DESCRIPTION OF THE TASK
With the images removed, repeat the data below exactly.

GIVEN DATA
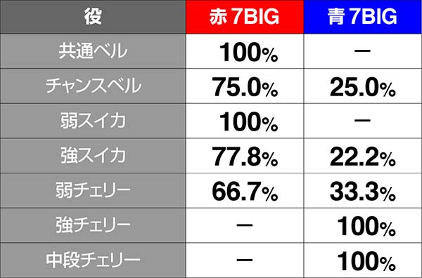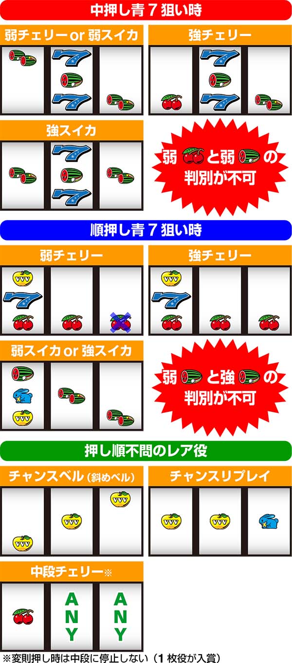 左リールに青7を狙えば右下がりスイカ揃い時以外(弱スイカと弱チェリー)は、小役の判別が可能だ。
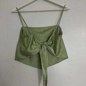 This is a cropped scarf blouse with adjustable straps, a tie back and a bias cut. It's made from Effortless Satin™ — drapey, lightweight Japanese satin with a glossy look and feel.
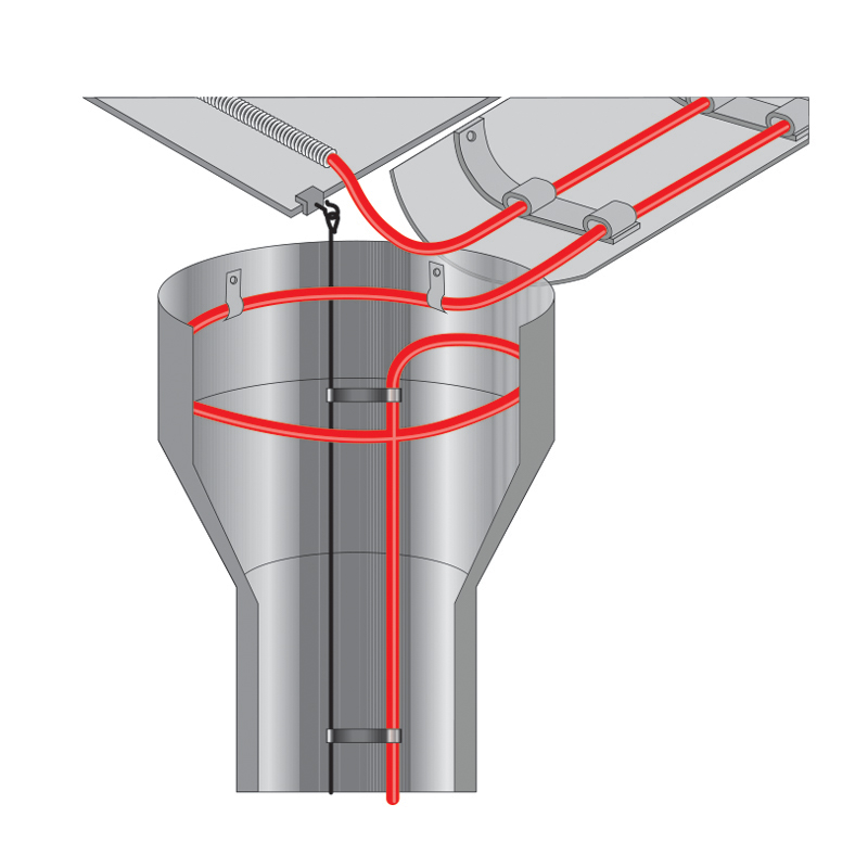 Для крепления греющего кабеля на элементах кровли применяют перфорированную монтажную ленту, зажимы, тросы и пластины, саморезы, а также монтажную сетку. Вид крепежа определяется в первую очередь длиной обогреваемой части объекта, а также его типом (на металлической или мягкой и мембранной кровле, в ендове, в водосточной трубе). Монтаж на трубу осуществляется под теплоизоляцию.
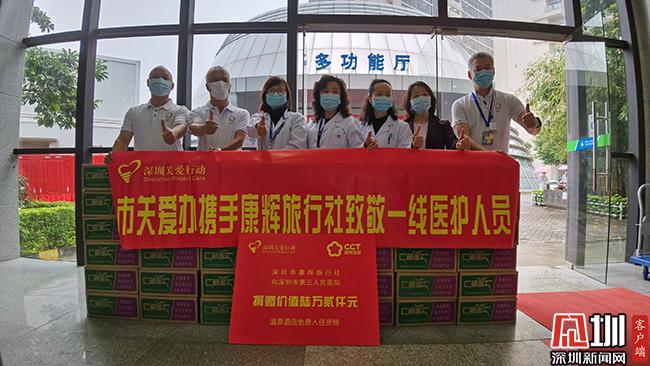 為表達對醫(yī)護人員的感謝,深圳市康輝旅行社捐贈價值6.2萬元的廣東省內(nèi)溫泉酒店免費入住券40張。每張入住券可在廣東省內(nèi)指定酒店入住雙床房或大床房?!耙咔槠陂g,我們康輝人一直都在為抗擊疫情獻綿薄之力?!鄙钲谑锌递x旅行社有限公司董事總經(jīng)理滿炎權告訴記者,在疫情前期,全國各地醫(yī)用物資告急。各地康輝分公司迅速自我組織、自籌資金,聯(lián)系在國外的康輝旅行社的領隊及導游購買大量醫(yī)療物資回國。“現(xiàn)在國內(nèi)醫(yī)療物資暫時不缺了,我們深圳康輝送給三院的醫(yī)護人員溫泉酒店入住券,希望他們在疫情結束后,能好好休息。”

ANSWER SECTION
 左リールに青7を狙えば右下がりスイカ揃い時以外(弱スイカと弱チェリー)は、小役の判別が可能だ。
 This is a cropped scarf blouse with adjustable straps, a tie back and a bias cut. It's made from Effortless Satin™ — drapey, lightweight Japanese satin with a glossy look and feel.
 Для крепления греющего кабеля на элементах кровли применяют перфорированную монтажную ленту, зажимы, тросы и пластины, саморезы, а также монтажную сетку. Вид крепежа определяется в первую очередь длиной обогреваемой части объекта, а также его типом (на металлической или мягкой и мембранной кровле, в ендове, в водосточной трубе). Монтаж на трубу осуществляется под теплоизоляцию.
 為表達對醫(yī)護人員的感謝,深圳市康輝旅行社捐贈價值6.2萬元的廣東省內(nèi)溫泉酒店免費入住券40張。每張入住券可在廣東省內(nèi)指定酒店入住雙床房或大床房?!耙咔槠陂g,我們康輝人一直都在為抗擊疫情獻綿薄之力?!鄙钲谑锌递x旅行社有限公司董事總經(jīng)理滿炎權告訴記者,在疫情前期,全國各地醫(yī)用物資告急。各地康輝分公司迅速自我組織、自籌資金,聯(lián)系在國外的康輝旅行社的領隊及導游購買大量醫(yī)療物資回國。“現(xiàn)在國內(nèi)醫(yī)療物資暫時不缺了,我們深圳康輝送給三院的醫(yī)護人員溫泉酒店入住券,希望他們在疫情結束后,能好好休息。”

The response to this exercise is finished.